If the inhabited world were one large circular island; if its population were admitted to have been diffused over its surface from some single point; and if that single point were at one and the same time unascertained and requiring investigation, what would be the method of our inquiries? I suppose that both history and tradition are silent, and that the absence of other data of the same kind force us upon the general probabilities of the case, and a large amount of à priori argument.
We should ask what point would give us the existing phænomena with the least amount of migration; and we should ask this upon the simple principle of not multiplying causes unnecessarily. The answer would be—the centre. From the centre we can people the parts about the circumference without making any line of migration longer than half a diameter; and without supposing any one out of such numerous lines to be longer than the other. This last is the chief point—the point which more especially fixes us to the centre as a hypothetical birth-place; since, the moment we say that any part of the circumference was reached by a shorter or longer line than any other, we make a specific assertion, requiring specific arguments to support it. These may or may not exist. Until, however, they have been brought forward, we apply the rule de non apparentibus, &c., and keep to our conventional and provisional point in the centre—remembering, of course, its provisional and conventional character, and recognising its existence only as long as the search for something more real and definite continues.
In the earth as it is, we can do something of the same kind; taking six extreme points as our starting-places, and investigating the extent to which they converge. These six points are the following:—
- 1. Tierra del Fuego.
- 2. Tasmania (Van Diemen’s Land).
- 3. Easter Island—the furthest extremity of Polynesia.
- 4. The Cape of Good Hope, or the country of the Saabs (Hottentots).
- 5. Lapland.
- 6. Ireland.
From these we work through America, Australia, Polynesia, Africa, and Europe, to Asia—some part of which gives us our conventional, provisional, and hypothetical centre.
I. From Tierra del Fuego to the north-eastern parts of Asia.—The Fuegians of the island have so rarely been separated from the Patagonians of the continent that there are no recognised elements of uncertainty in this quarter, distant as it is. Maritime habits connect them with their northern neighbours on the west; and that long labyrinth of archipelagoes which runs up to the southern border of Chili is equally Fuegian and Patagonian. Here we are reminded of the habits of some of the Malay tribes, under a very different sky, and amongst the islets about Sincapore—of the Bajows, or sea-gipsies, boatmen whose home is on the water, and as unfixed as that element; wanderers from one group to another; fishermen rather than traders; not strong-handed enough to be pirates, and not industrious enough to be cultivators. Such skill as the Fuegian shows at all, he shows in his canoe, his paddles, his spears, his bow, his slings, and his domestic architecture. All are rude—the bow-strings are made exclusively of the sinews of animals, his arrows headed with stone. Of wood there is little, and of metal less; and, low as is the latitude, the dress, or undress, is said to make a nearer approach to absolute nakedness than is to be found in many of the inter-tropical countries.

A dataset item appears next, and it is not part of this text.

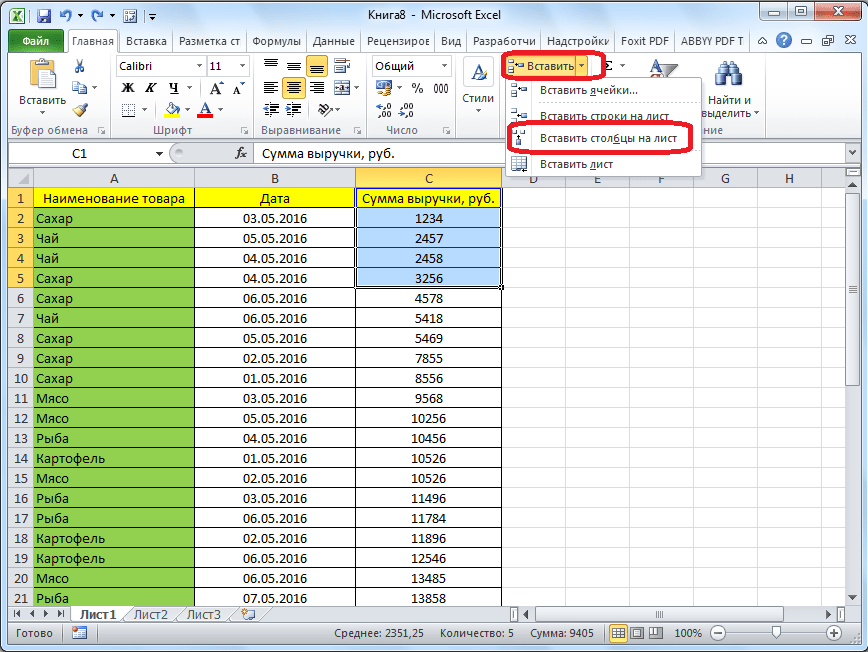 Как видим, строки выстроились в прежнем порядке, исключая пустые, которые удалены. Теперь, нам осталось только удалить добавленный столбец с порядковыми номерами. Выделяем этот столбец. Затем кликаем по кнопке на ленте «Удалить». В раскрывшемся меню выбираем пункт «Удалить столбцы с листа». После этого, нужный столбец будет удален.

In size they fall short of the continental Patagonians; in colour and physical conformation they approach them very closely. The same broad and flattened face occurs in both, reminding some writers of the Eskimo, others of the Chinuk. Their language is certainly referable to the Patagonian class, though, probably, unintelligible to a Patagonian.

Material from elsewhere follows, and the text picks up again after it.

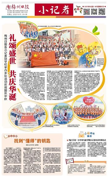 今年国庆、中秋“喜相逢”,梅州日报各小记者站学校精心策划,开展了一系列丰富多彩、亮点纷呈的活动,营造了热闹而又浓郁的节日气氛,用不同形式展现学生的爱国情怀,共同为祖国献上最真挚的祝福。

Within the island itself there are differences; degrees of discomfort; and degrees in its effects upon the bodily frame. At the eastern extremity[11] the population wore the skins of land-animals, and looked like hunters rather than fishers and sealers. Otherwise, as a general rule, the Fuegians are boatmen.
Not so their nearest kinsmen. They are all horsemen; and in their more northern localities the most formidable ones in the world—Patagonians of considerable but exaggerated stature, Pampa Indians between Buenos Ayres and the southern Andes, and, higher up, the Chaco Indians of the water-system of the river Plata. To these must be added two other families—one on the Pacific and one on the Atlantic—the Araucanians of Chili, and the Charruas of the lower La Plata.
Except in the impracticable heights of the Andes of Chili, and, as suggested above, in the island of Tierra del Fuego, the same equestrian habits characterize all these populations; and, one and all, the same indomitable and savage independence. Of the Chaco Indians, the Tonocote are partially settled, and imperfectly Christianized; but the Abiponians—very Centaurs in their passionate equestrianism—the Mbocobis, the Mataguayos, and others, are the dread of the Spaniards at the present moment. The resistance of the Araucanians of Chili has given an epic[12] to the country of their conquerors.